• _Exercise data_
◇ ◇ ◇ ◇

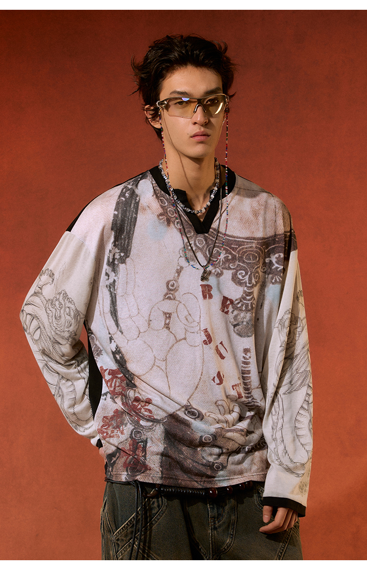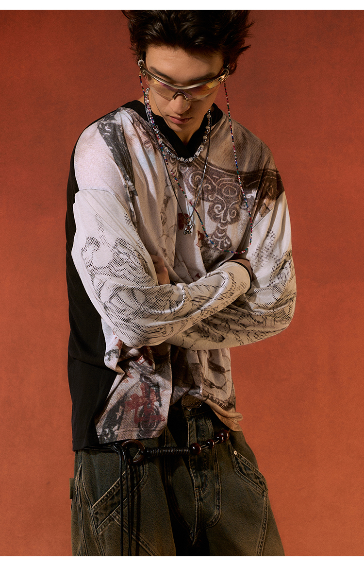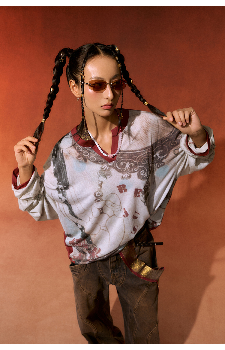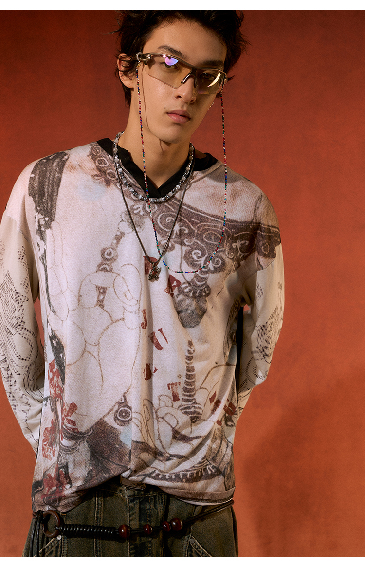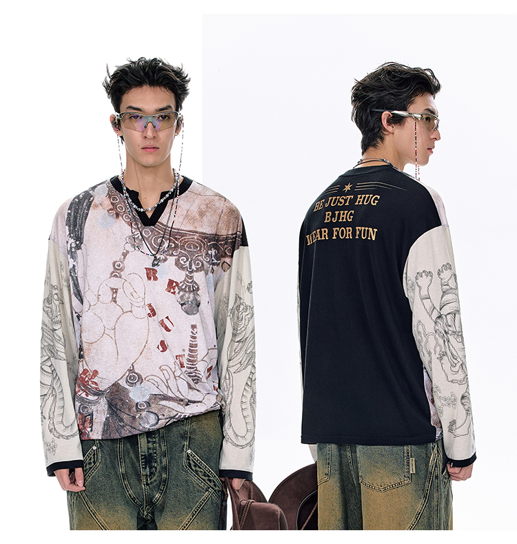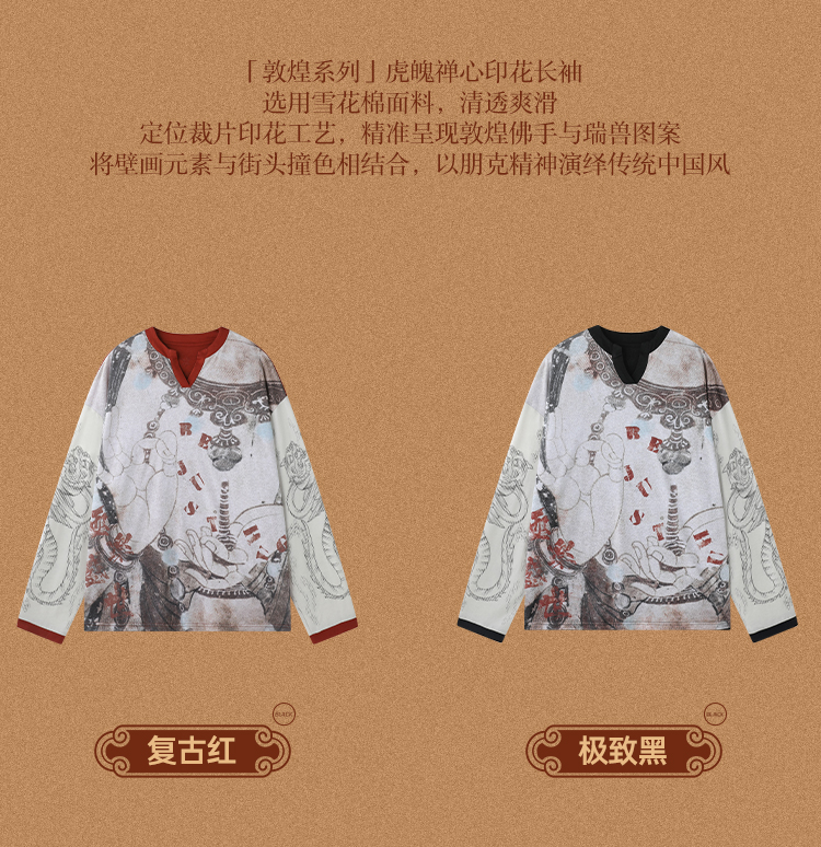 【敦煌联名】BJHG不计后果 朋克长袖男T恤凉感中国风针织打底衫女
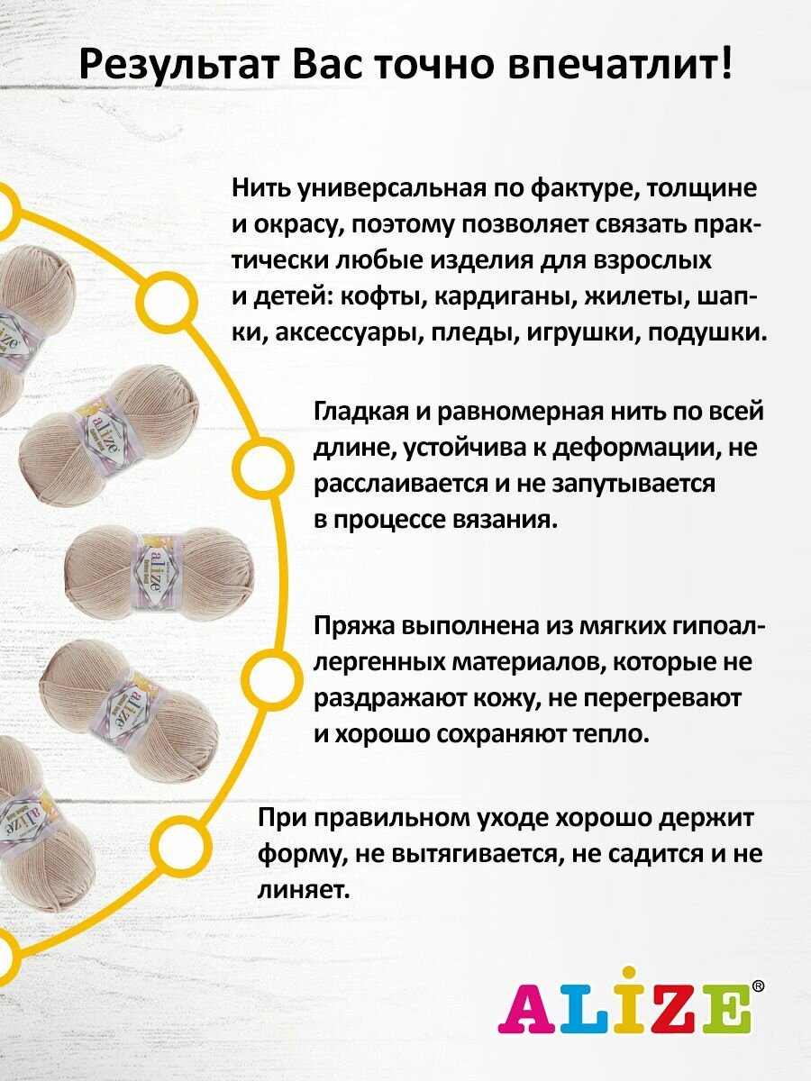 Отзывы на Пряжа для вязания ALIZE 'Cotton gold', 100г, 330м (55% хлопок, 45% акрил), ТУ (314 светло-бежевый), 5 мотков
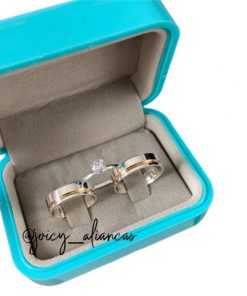 As Alianças de Namoro Modelo Nataly, em Prata 950, combinam sofisticação e elegância em um design exclusivo. Com 6mm de largura, esse modelo apresenta um friso lateral com um delicado filete banhado a ouro 18K, proporcionando um contraste luxuoso e diferenciado. O modelo masculino e feminino seguem o mesmo design refinado, e há a opção de incluir um anel solitário com pedra de zircônia, tornando o conjunto ainda mais especial.

◇ ◇ ◇ ◇

Word for word, return the listing above; the pictures do not belong in the copy.

• _Task solution_
 【敦煌联名】BJHG不计后果 朋克长袖男T恤凉感中国风针织打底衫女
 Отзывы на Пряжа для вязания ALIZE 'Cotton gold', 100г, 330м (55% хлопок, 45% акрил), ТУ (314 светло-бежевый), 5 мотков
 As Alianças de Namoro Modelo Nataly, em Prata 950, combinam sofisticação e elegância em um design exclusivo. Com 6mm de largura, esse modelo apresenta um friso lateral com um delicado filete banhado a ouro 18K, proporcionando um contraste luxuoso e diferenciado. O modelo masculino e feminino seguem o mesmo design refinado, e há a opção de incluir um anel solitário com pedra de zircônia, tornando o conjunto ainda mais especial.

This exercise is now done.